After Leadership Changes in BJP-ruled States Since 2019, Party Repeats 'CM-change' Gambit for Tripura
After Leadership Changes in BJP-ruled States Since 2019, Party Repeats 'CM-change' Gambit for Tripura
With this move, the BJP has attempted to ward off anti-incumbency and stem disgruntlement within ranks of the Tripura unit

After successfully testing the strategy of going with a new chief ministerial face for state assembly elections, the BJP once again applied it to Tripura. On Saturday, the saffron party’s first-ever CM in the state, Biplab Deb stepped down from the post to make way for Dr Manik Saha.

Rajya Sabha MP Saha is the state BJP’s president and will now face the challenge of keeping all party ranks together ahead of the assembly elections in March 2023. The transition seemed to be smooth and regimental in typical BJP style. The party’s move is an apparent effort to ward off anti-incumbency and stem disgruntlement within its ranks in the state unit.

In the legislative party meeting, Saha was elected as the new leader. Deb, who met union home minister Amit Shah in Delhi a few days ago, congratulated his successor on Twitter and said it had been his pleasure to serve “the people of Tripura”, and that he was “thankful” to the party for giving him the opportunity.

Ahead of assembly polls, the BJP has applied their “CM-change formula” in Uttarakhand, which turned out to work for them. So, they are hopeful the same will happen in Tripura as well. The party has changed five CMs since 2019, including in Gujarat and Karnataka.

Saha is the fourth former Congress leader from the northeast to become CM in the region after joining the BJP, a clear signal that a leader’s electoral value is of paramount importance. Assam’s Himanta Biswa Sarma, Pema Khandu in Arunachal Pradesh and N Biren Singh in Manipur are the other CMs earlier with the Congress.
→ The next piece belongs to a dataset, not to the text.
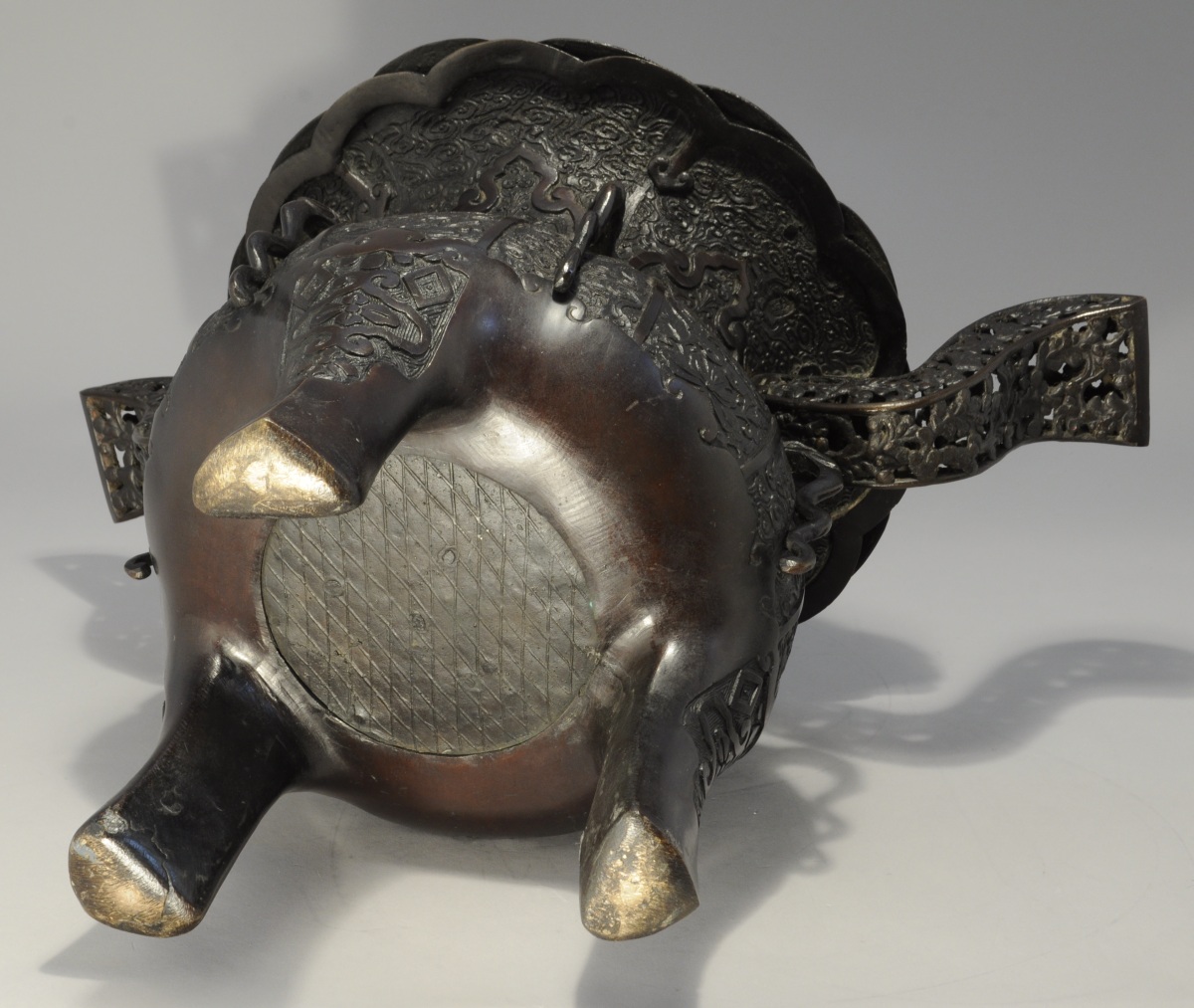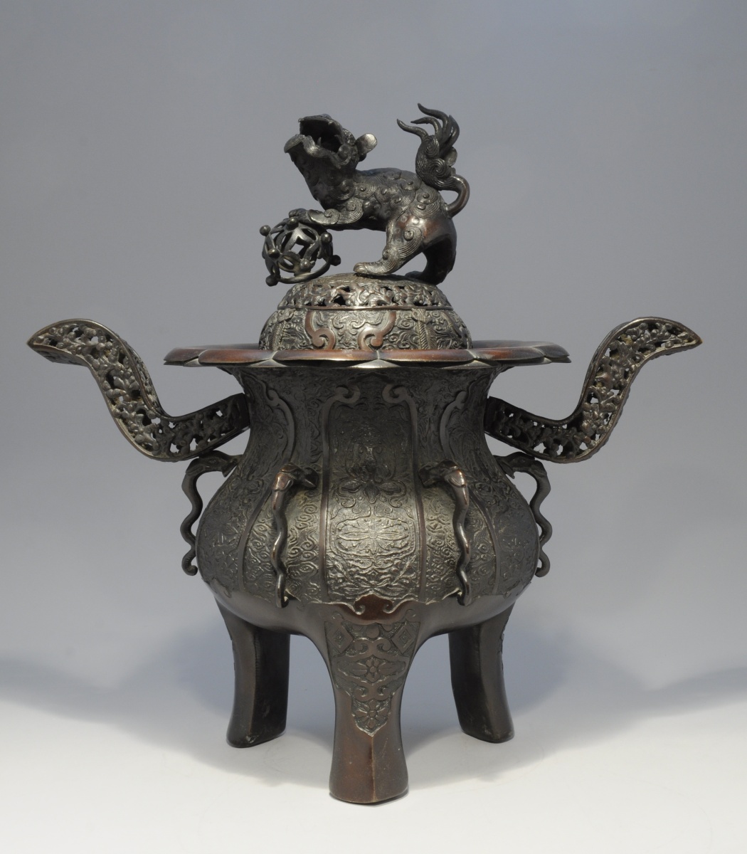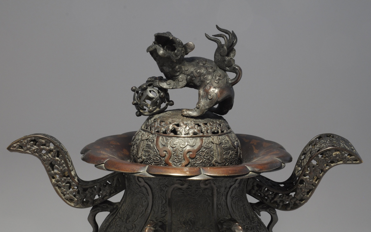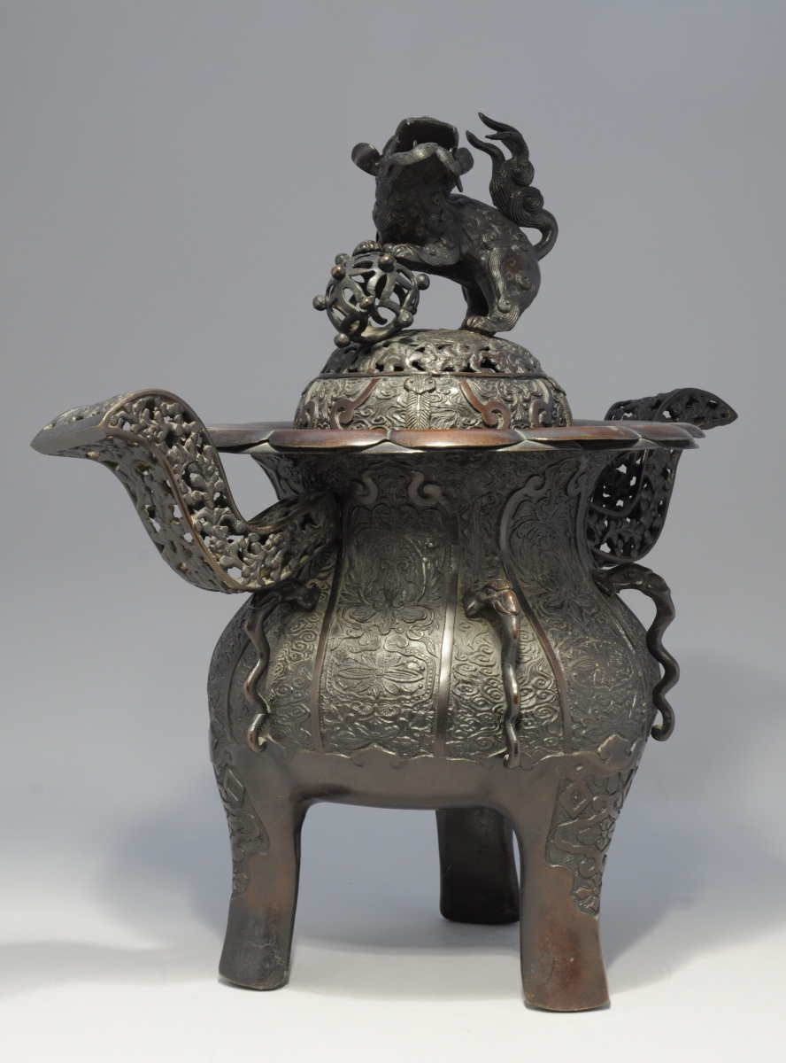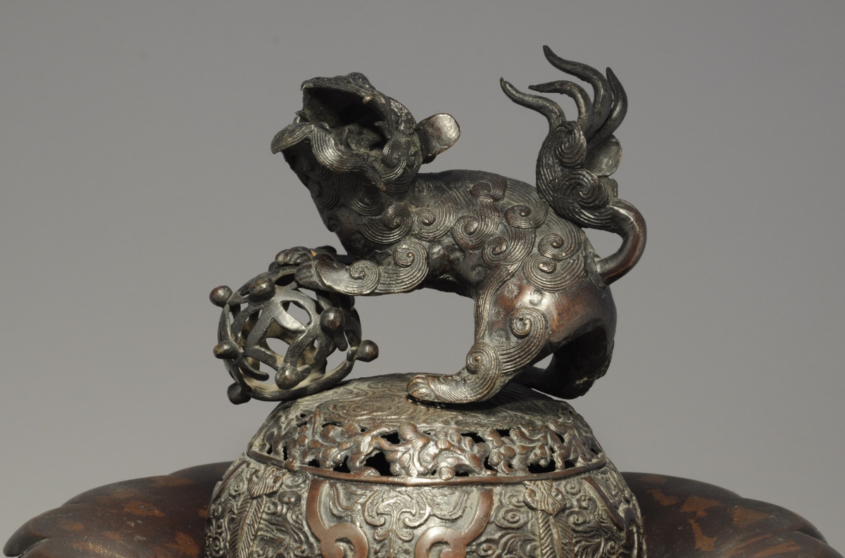 JAPON. Grand BRÛLE-PARFUM tripode en bronze patiné à décors laqué or surmonté d'un lion.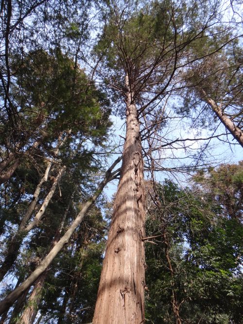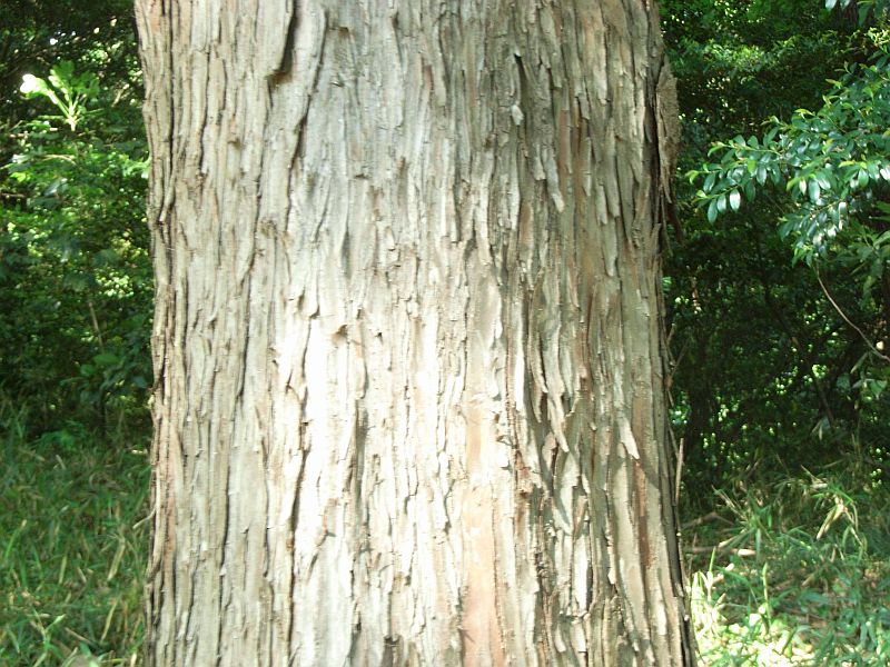 幹は直立し、樹皮は赤褐色で、縦に薄く裂けて剥がれる。

The what and why of BJP’s formula

Political analysts said the BJP’s move to change CMs, while being flayed by the opposition for doing so, shows that the party analyses its ground feedback and is always ready to address it. A BJP leader said broadly three factors worked behind such changes in the last two to three years: “delivery on the ground, keeping the organisation in good humour and the leader’s popularity”.
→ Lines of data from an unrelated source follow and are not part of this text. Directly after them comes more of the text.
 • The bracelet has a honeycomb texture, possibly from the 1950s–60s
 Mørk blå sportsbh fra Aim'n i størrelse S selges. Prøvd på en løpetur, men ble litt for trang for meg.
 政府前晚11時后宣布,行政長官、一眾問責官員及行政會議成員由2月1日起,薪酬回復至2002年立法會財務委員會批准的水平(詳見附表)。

Prime Minister Narendra Modi, who was the Gujarat CM from 2001 to 2014, had favoured a long rope to CMs but after the BJP was defeated in the Jharkhand assembly polls with CM Raghubar Das losing his seat, the party realised the need for changing the leadership.
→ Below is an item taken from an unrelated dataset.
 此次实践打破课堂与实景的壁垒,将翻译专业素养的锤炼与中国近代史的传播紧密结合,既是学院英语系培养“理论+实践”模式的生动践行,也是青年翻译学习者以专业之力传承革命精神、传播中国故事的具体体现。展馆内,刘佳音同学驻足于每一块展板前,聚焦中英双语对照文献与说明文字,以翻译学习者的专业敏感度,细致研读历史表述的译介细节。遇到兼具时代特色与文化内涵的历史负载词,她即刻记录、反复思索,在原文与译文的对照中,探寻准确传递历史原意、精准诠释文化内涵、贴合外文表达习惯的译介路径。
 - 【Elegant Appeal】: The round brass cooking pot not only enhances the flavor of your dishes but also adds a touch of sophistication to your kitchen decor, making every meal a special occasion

The BJP has marked a return to more conventional politics with regard to political fault lines such as caste identity in its most recent changes in the central government or in states ruled by the party. Pushing the urge to experiment to the background, it has even preferred leaders who started their career in other political outfits.

In September 2021, the BJP changed Vijay Rupani with Bhupender Patel, who hailed from numerically significant Patel community, as Gujarat CM. While changing the CM in Karnataka, the party replaced Lingayat stalwart BS Yediyurappa with another Lingayat leader Basavaraj S Bommai. In Uttarakhand, it replaced two Thakur CMs with another Thakur. In Assam, the BJP replaced its CM of five years Sarbananda Sonowal with Himanta Biswa Sarma.